**Extracted data entries:**
((
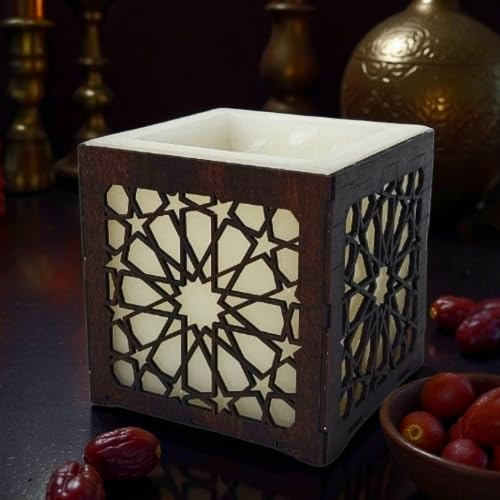 - تصميم إسلامي فاخر: شمعة مكعبة مزينة بغطاء خشبي مفرغ يحمل نقوش عربية إسلامية وهندسية تقليدية تضفي لمسة روحانية وجمالية على المكان
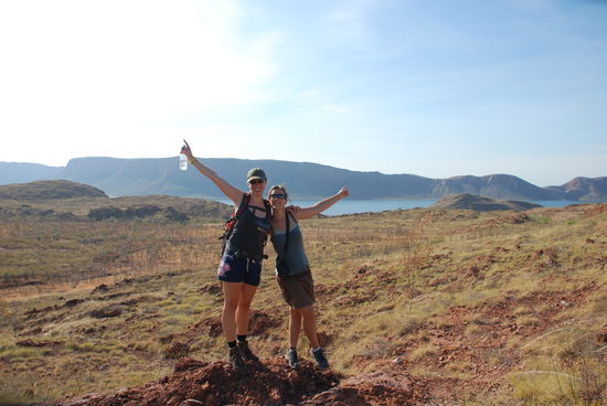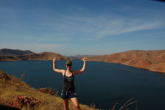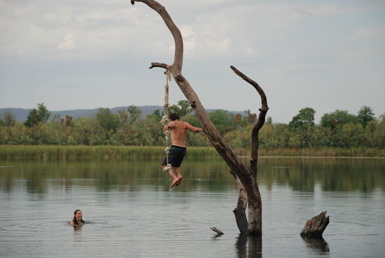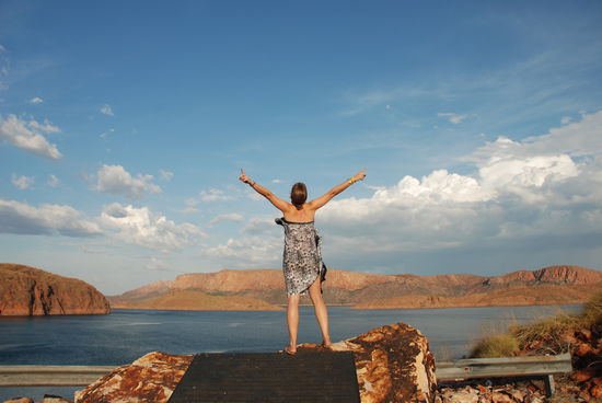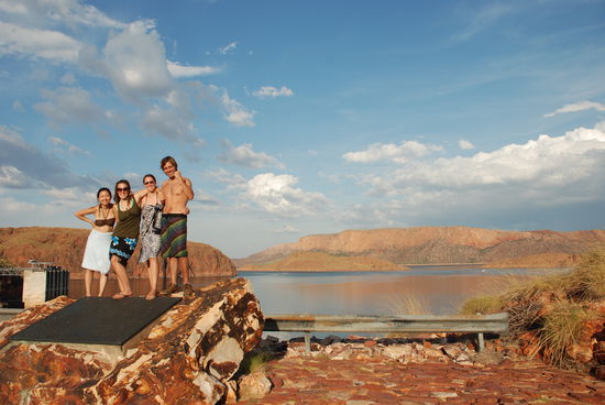 Unsere letzten 100k' des Tages fahren wir dann also in WA unserem neuen zu Hause fuer die naechsten Wochen. Was haben mir die Leute doch hiervon vorgeschaermt. Und ja es stimmt. Die Kimberleys, wo wir die naechsten Tage verbringen haben es in sich. Am fruehen Nachmittag erreichen wir dann endlich unseren Campingplatz am Lake Argyle, einer riesigen Seenlandschaft ein paar Kilometer von Kununurra entfernt. Heute goennen wir uns den Luxus einer dusche und einem Campingspot mit Elektrizitaet. Aber bevor wir diese Annehmlichkeiten nutzen wollen wir noch ein wenig den See erkunden und ein weiteres mal schwimmen gehen.
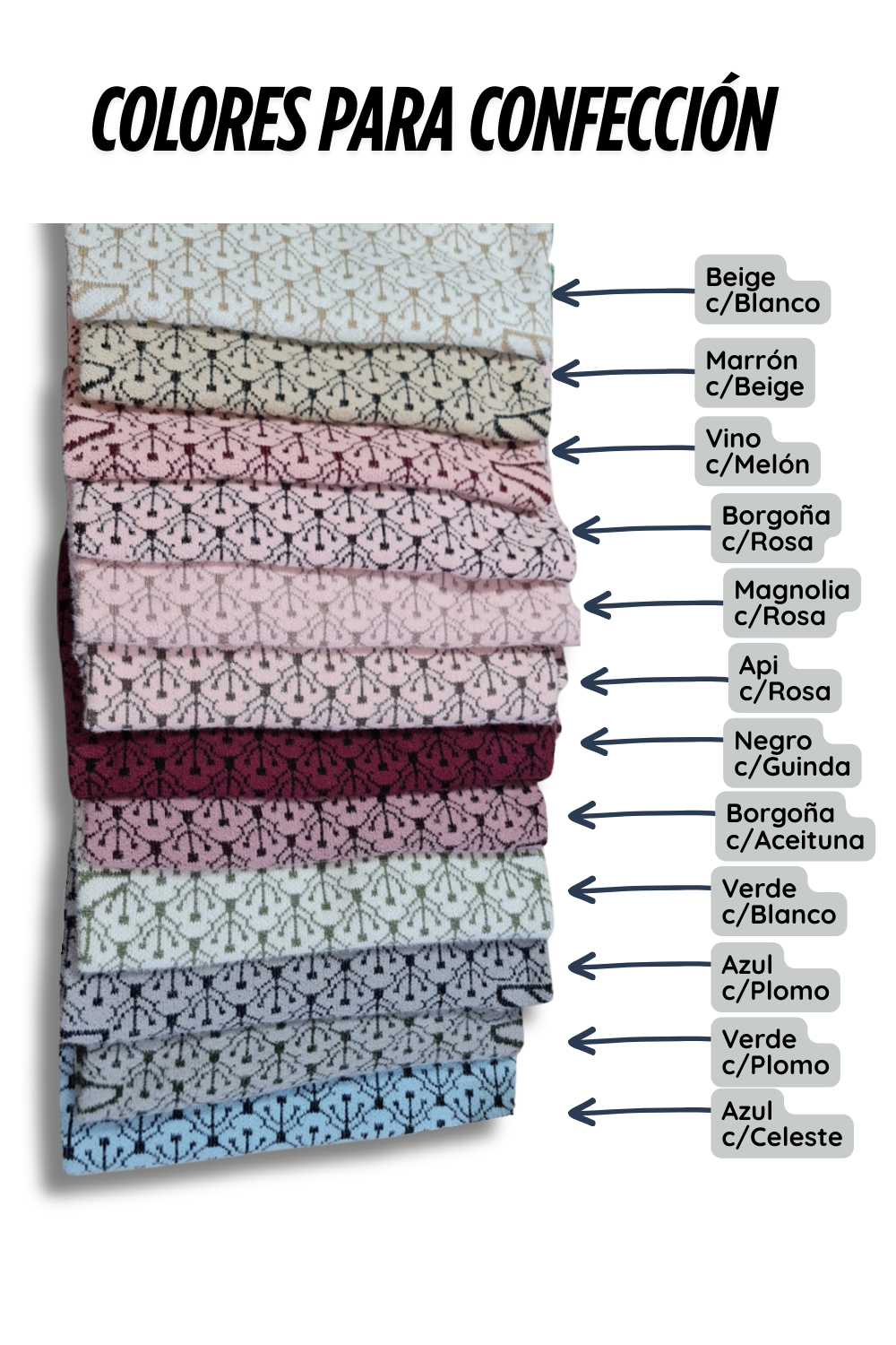 | Color | Aceituna, Api, Azul, Beige, Borgoña, celeste, Magnolia, Marrón, Negro, Plomo, Verde, Vino |
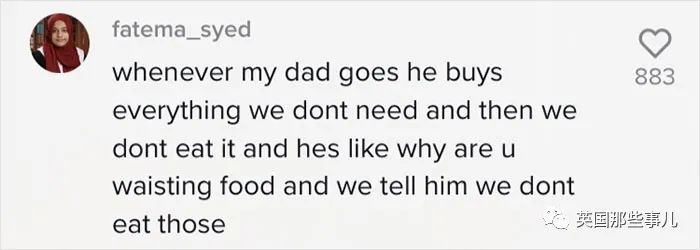 “每次我爸去超市,都会买一堆我们不要的东西,我们不吃,他还问我们为啥要浪费食物。我们还得给他解释,我们不吃那些。”
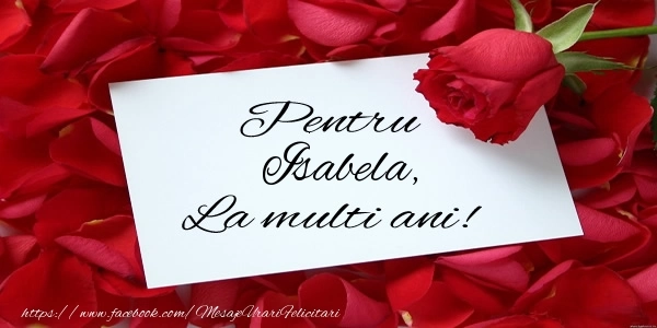 Celebrează ziua specială a unei persoane dragi cu numele Isabela cu această felicitare cu trandafir roșu pe fundal cu petale de trandafir plină de eleganță și rafinament. Petalele completează frumusețea trandafirului, aducând un strop de rafinament și delicatețe în cadru. Fiecare petală reprezintă un gând bun și o urare de fericire și împlinire pentru destinatara acestei felicitări. Felicitarea se poate descărca gratuit sau se poate trimite prin Whatsapp, Facebook, Twitter, Pinterest. Imaginea are dimensiunile 600px x 300px și textul Pentru Isabela, La multi ani!.
))
**EXERCISE DETAILS:** For every line above, produce an exact transcription that omits the images.

**TASK SOLUTION:**
 - تصميم إسلامي فاخر: شمعة مكعبة مزينة بغطاء خشبي مفرغ يحمل نقوش عربية إسلامية وهندسية تقليدية تضفي لمسة روحانية وجمالية على المكان
 Unsere letzten 100k' des Tages fahren wir dann also in WA unserem neuen zu Hause fuer die naechsten Wochen. Was haben mir die Leute doch hiervon vorgeschaermt. Und ja es stimmt. Die Kimberleys, wo wir die naechsten Tage verbringen haben es in sich. Am fruehen Nachmittag erreichen wir dann endlich unseren Campingplatz am Lake Argyle, einer riesigen Seenlandschaft ein paar Kilometer von Kununurra entfernt. Heute goennen wir uns den Luxus einer dusche und einem Campingspot mit Elektrizitaet. Aber bevor wir diese Annehmlichkeiten nutzen wollen wir noch ein wenig den See erkunden und ein weiteres mal schwimmen gehen.
 | Color | Aceituna, Api, Azul, Beige, Borgoña, celeste, Magnolia, Marrón, Negro, Plomo, Verde, Vino |
 “每次我爸去超市,都会买一堆我们不要的东西,我们不吃,他还问我们为啥要浪费食物。我们还得给他解释,我们不吃那些。”
 Celebrează ziua specială a unei persoane dragi cu numele Isabela cu această felicitare cu trandafir roșu pe fundal cu petale de trandafir plină de eleganță și rafinament. Petalele completează frumusețea trandafirului, aducând un strop de rafinament și delicatețe în cadru. Fiecare petală reprezintă un gând bun și o urare de fericire și împlinire pentru destinatara acestei felicitări. Felicitarea se poate descărca gratuit sau se poate trimite prin Whatsapp, Facebook, Twitter, Pinterest. Imaginea are dimensiunile 600px x 300px și textul Pentru Isabela, La multi ani!.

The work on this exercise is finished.